A ranking alternative of the extremals in the problem of the optimal reorientation of an axisymmetric rigid body

The problem of the optimal control of the spatial orientation of a rotating rigid body with an axis of symmetry is considered. New geometric properties of the extremals of this variational problem are established in the non-degenerate case. The property of a “collapse” of the extremal field, a ranking alternative and the connection with the family of trigonometric extremals constructed earlier in a similar problem are described in detail.

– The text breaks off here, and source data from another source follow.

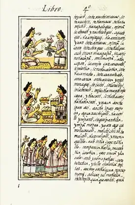 Como parte de seus esforços missionários, membros de diversas ordens monásticas (principalmente franciscanos, dominicanos e jesuítas) introduziram o alfabeto latino aos náuatles, que estavam ansiosos por ler e escrever, tanto em espanhol quanto em seu próprio idioma. Apenas vinte anos depois da chegada dos espanhóis, já havia textos preparados na língua náuatle utilizando-se dos caracteres latinos.[25] Também neste período foram fundadas instituições de aprendizado, como o Colégio da Santa Cruz de Tlatelolco, inaugurado em 1536, que ensinava tanto os idiomas indígenas quanto as línguas europeias clássicas para índios e padres. Gramáticos missionários se encarregavam do preparo das gramáticas dos idiomas indígenas para o uso dos padres. A primeira gramática náuatle, escrita por Andrés de Olmos, foi publicada em 1547, três anos antes da primeira gramática francesa. Em 1645 outras quatro haviam sido publicadas: uma por Alonso de Molina em 1571, uma por Antonio del Rincón em 1595, uma por Diego de Guzmán em 1642 e, em 1645, aquela que é considerada hoje em dia a mais importante gramática náuatle, de Horacio Carochi.[26]
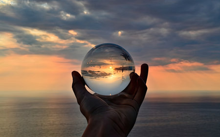 Magic sphere. Fortune teller, mind power concept. Crystal Ball reflecting water and sky.
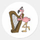 Pegatina Redonda BT- Flamingo rosa jugando al arpa
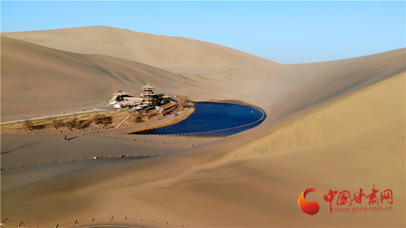 這是3月17日拍攝的甘肅省敦煌市鳴沙山月牙泉景區(qū)(無人機(jī)照片)。
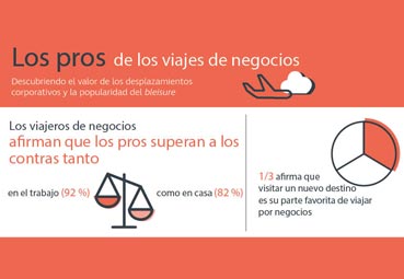 Los viajeros de negocios de todo el mundo destacan los beneficios de los desplazamiento por motivos laborales. Según un informe de CWT, los pros superan a los contras tanto en el trabajo (92%) como en casa (82%). En este sentido, los viajeros de América son los más entusiastas con un 94% y un 86%, respectivamente, seguidos de los viajeros de Asia-Pacífico, con un 93% y un 84%, y los de Europa, con un 89% y un 77%.
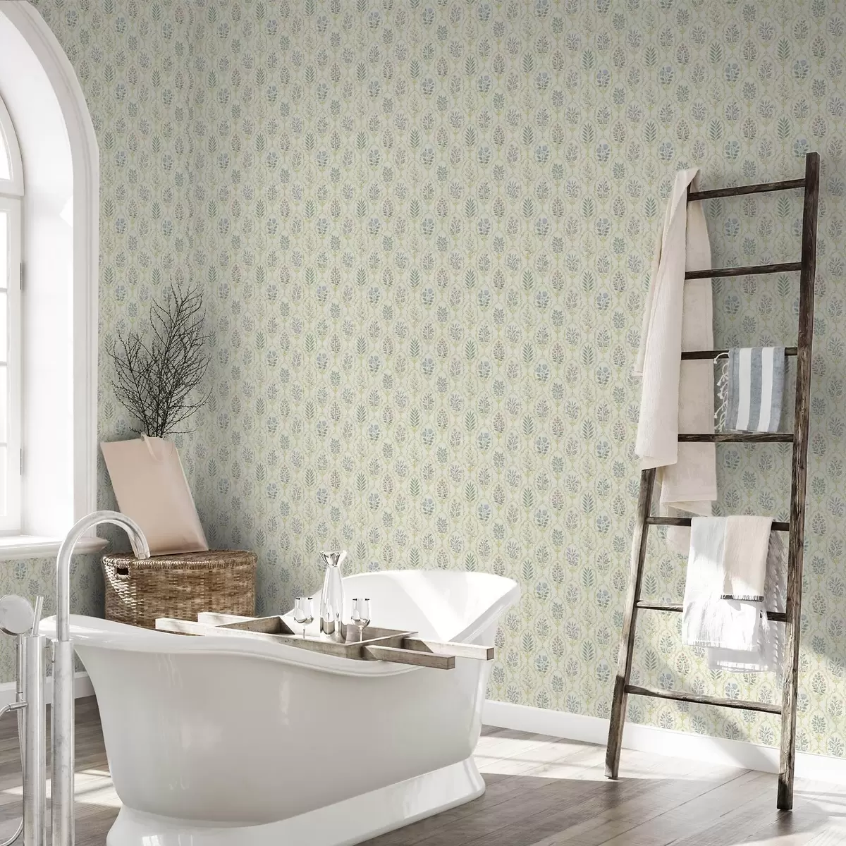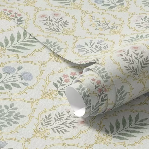 Tapeta Botanické medailony v mřížce, pastelové tóny Nr. a00579

The results obtained are based on an analysis of the system of equations obtained as the result of using the formalism of Pontryagin's maximum principle.The intrinsic non-linearity of the equations of motion in problems of optimizing the control of the reorientation of a rotating body1, 2, 3, 4 and 5 has led to the development of new approaches assuming additional geometric optimal turning properties. For a non-zero initial rotational velocity, the initial problem reduces to the optimization of successive manoeuvres, that is, the body is first completely decelerated and then reorientated from a position of rest to a position of rest.A new property of the extremals has been described6 in the problem of the optimal control of the reorientation of a rotating spherically-symmetric body. This is associated with the possibility of an abrupt change in the dimension of a certain linear subspace generated by the extremals. It is shown below that similar properties can also be established in the case of the more general problem of the optimal reorientation of an axisymmetric rigid body.